> **Instructions to follow**
Extract only the lines from the start of the entries below to the line with "Selling a new", inclusive; omit every picture.

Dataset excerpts
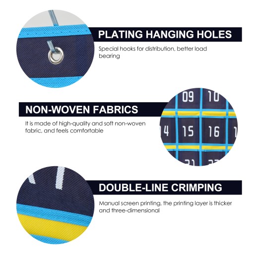 Jest to torba do przechowywania telefonu komórkowego, wykonana z wysokiej jakości tkaniny, z wieloma kieszeniami, każda z kieszeni jest zakodowana numerem. W zestawie 4 haczyki, łatwe do zamontowania na desce, biurku, szafie lub nad drzwiami. Nadaje się do użytku w klasie.
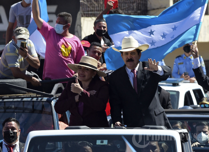 Presiden terpilih Honduras Xiomara Castro (CL) mengacungkan jempol saat suaminya mantan Presiden Honduras (2006-2009) Manuel Zelaya melambai saat mereka berkendara di sepanjang Suyapa Boulevard menuju Stadion Nasional, di mana upacara pelantikannya akan berlangsung, di Tegucigalpa , pada 27 Januari 2022. - Presiden terpilih Honduras Xiomara Castro akan dilantik sebagai presiden wanita pertama negara itu pada Kamis, saat kebingungan menguasai siapa yang akan menjadi ketua kongres selama masa jabatan empat tahunnya. (Photo by Orlando SIERRA / AFP)
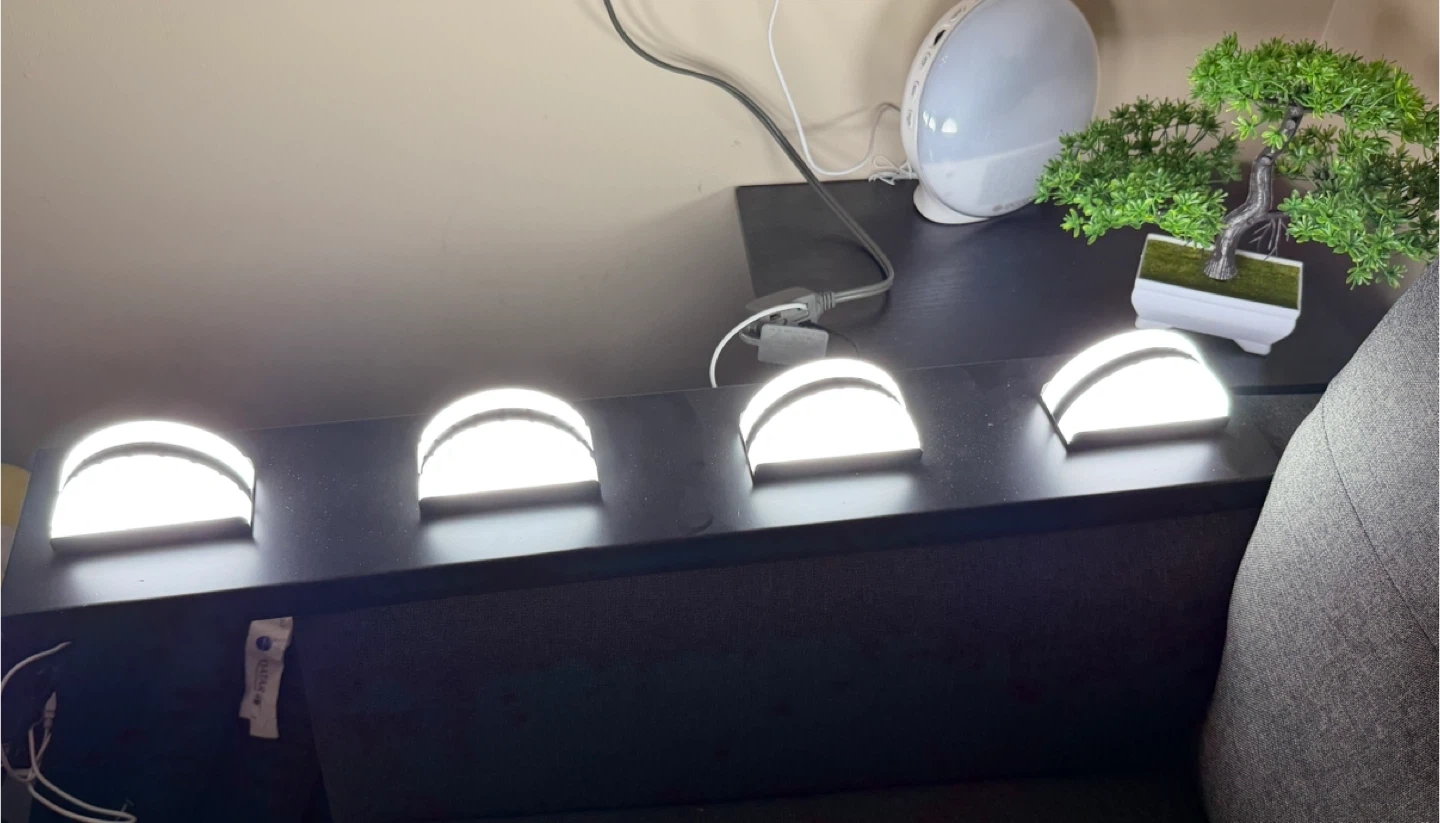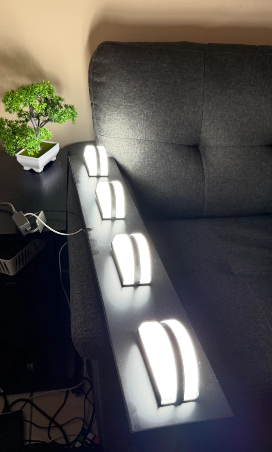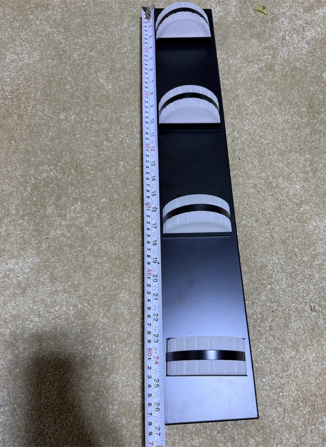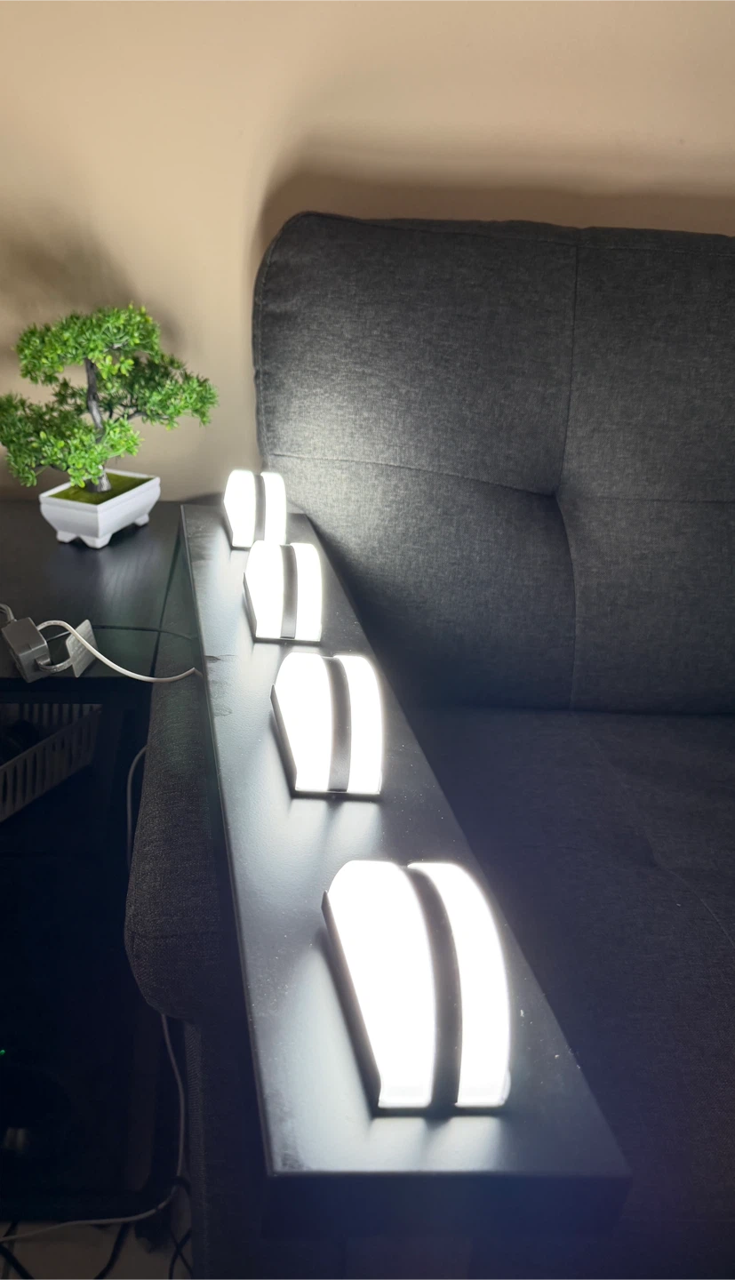 Selling a new bathroom vanity light fixture! It features a modern design with four lights and a sleek black and white finish. The acrylic lampshades provide optimal light transmittance. The lights have a 360° rotatable joint to better suit your lighting needs
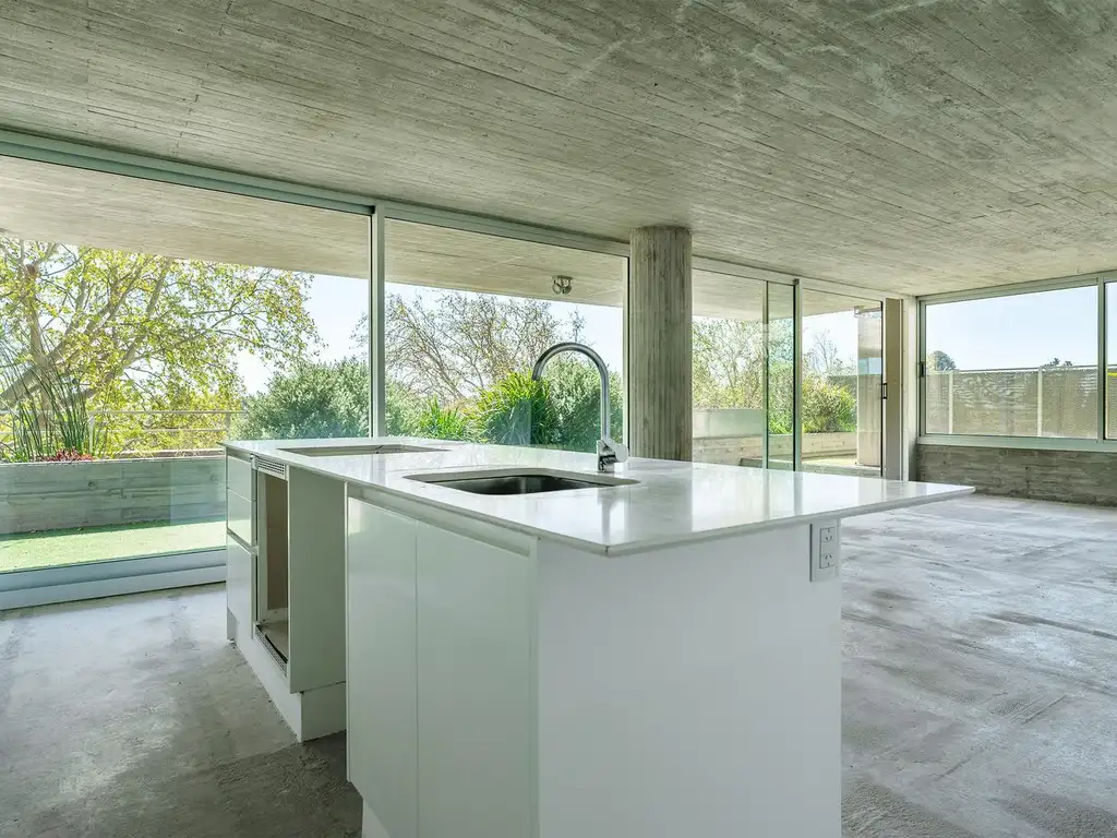 FICHA TéCNICA: Terminaciones: Calidad y diseño de vanguardia con el más alto detalle constructivo, enfocado en una arquitectura limpia y pura con 3 materiales primarios: hormigón, madera y vidrio. Terrazas al norte con vista al río. Balcones con vista a la ciudad. Interiores de hormigón visto. Ventilaciones cruzadas. Pisos de ingeniería en estar, cocina y dormitorios. Aberturas de aluminio negro con vidrios DVH. Calefacción por aire con equipos ya instalados en cada ambiente. Dormitorio principal en suite con vestidor. Baños con excelente estilo arquitectónico con lozas sanitarias y griferías de primeras marcas. Cocina con isla y mueble de guardado de piso a techo. Horno y anafe eléctrico. Lavadero y despensa. Iluminación: artefactos de balcones, tomas y llaves.
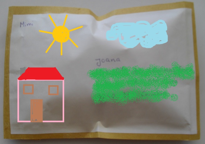 Ah, antes que alguém ache que eu enfeitei os envelopes, não, não o fiz. Apenas, como tinha de ocultar as moradas das premiadas, aproveitei e fiz um desenhos no Paint. Um bocadinho à balda, como se pode constatar.
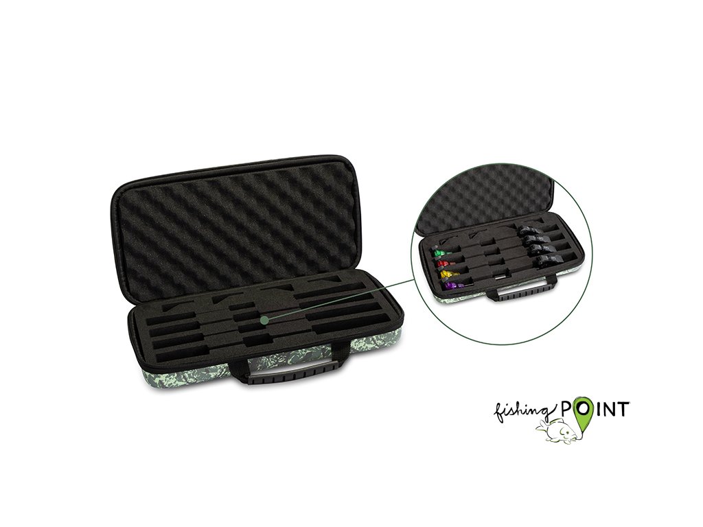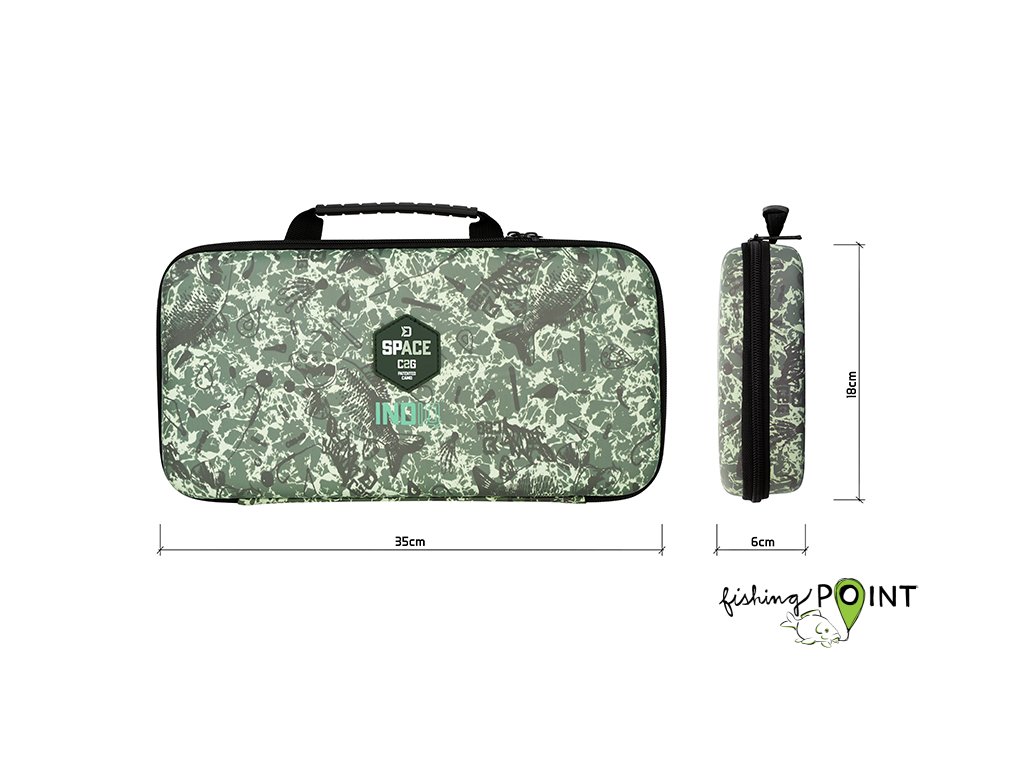 S pouzdrem IndIQ budou vaše signalizátory záběru perfektně chráněny a organizovány, takže si je vždy najdete nepoškozené, v dobrém stavu a připravené do akce. Je vyrobeno z tvrzeného materiálu s potiskem C2G, který je odolný, drží si tvar a lépe odolává vnějším vlivům než běžné látkové tašky. Kvalitní zip se dvěma běžci umožňuje zcela uzavření pouzdra. V přední části se nachází pogumované madlo, určené pro pohodlný přenos a vyjímání z větších tašek. Na tvrzené pěně uvnitř se nacházejí čtyři univerzální výřezy pro závěsné signalizátory, jako CAPRY, TRYO, SKIPER, ale i jiné signalizátory podobného typu, které jsou dostupné na trhu. Vrchní část má pěnovou výplň, která signalizátory fixuje a eliminuje tak možnost jejich nechtěného vypadnutí či poškození během přenosu. Delphin SPACE je označení pro exkluzivní sérii tašek z dílny značky Delphin. Vyznačuje se špičkovým zpracováním, kvalitními zipy, ale zejména výjimečným designem s použitím C2G kamufláže. Technické parametry Rozměry: 35x18x6cmDoplňkové parametry

> **Result of the exercise**
 Jest to torba do przechowywania telefonu komórkowego, wykonana z wysokiej jakości tkaniny, z wieloma kieszeniami, każda z kieszeni jest zakodowana numerem. W zestawie 4 haczyki, łatwe do zamontowania na desce, biurku, szafie lub nad drzwiami. Nadaje się do użytku w klasie.
 Presiden terpilih Honduras Xiomara Castro (CL) mengacungkan jempol saat suaminya mantan Presiden Honduras (2006-2009) Manuel Zelaya melambai saat mereka berkendara di sepanjang Suyapa Boulevard menuju Stadion Nasional, di mana upacara pelantikannya akan berlangsung, di Tegucigalpa , pada 27 Januari 2022. - Presiden terpilih Honduras Xiomara Castro akan dilantik sebagai presiden wanita pertama negara itu pada Kamis, saat kebingungan menguasai siapa yang akan menjadi ketua kongres selama masa jabatan empat tahunnya. (Photo by Orlando SIERRA / AFP)
 Selling a new bathroom vanity light fixture! It features a modern design with four lights and a sleek black and white finish. The acrylic lampshades provide optimal light transmittance. The lights have a 360° rotatable joint to better suit your lighting needs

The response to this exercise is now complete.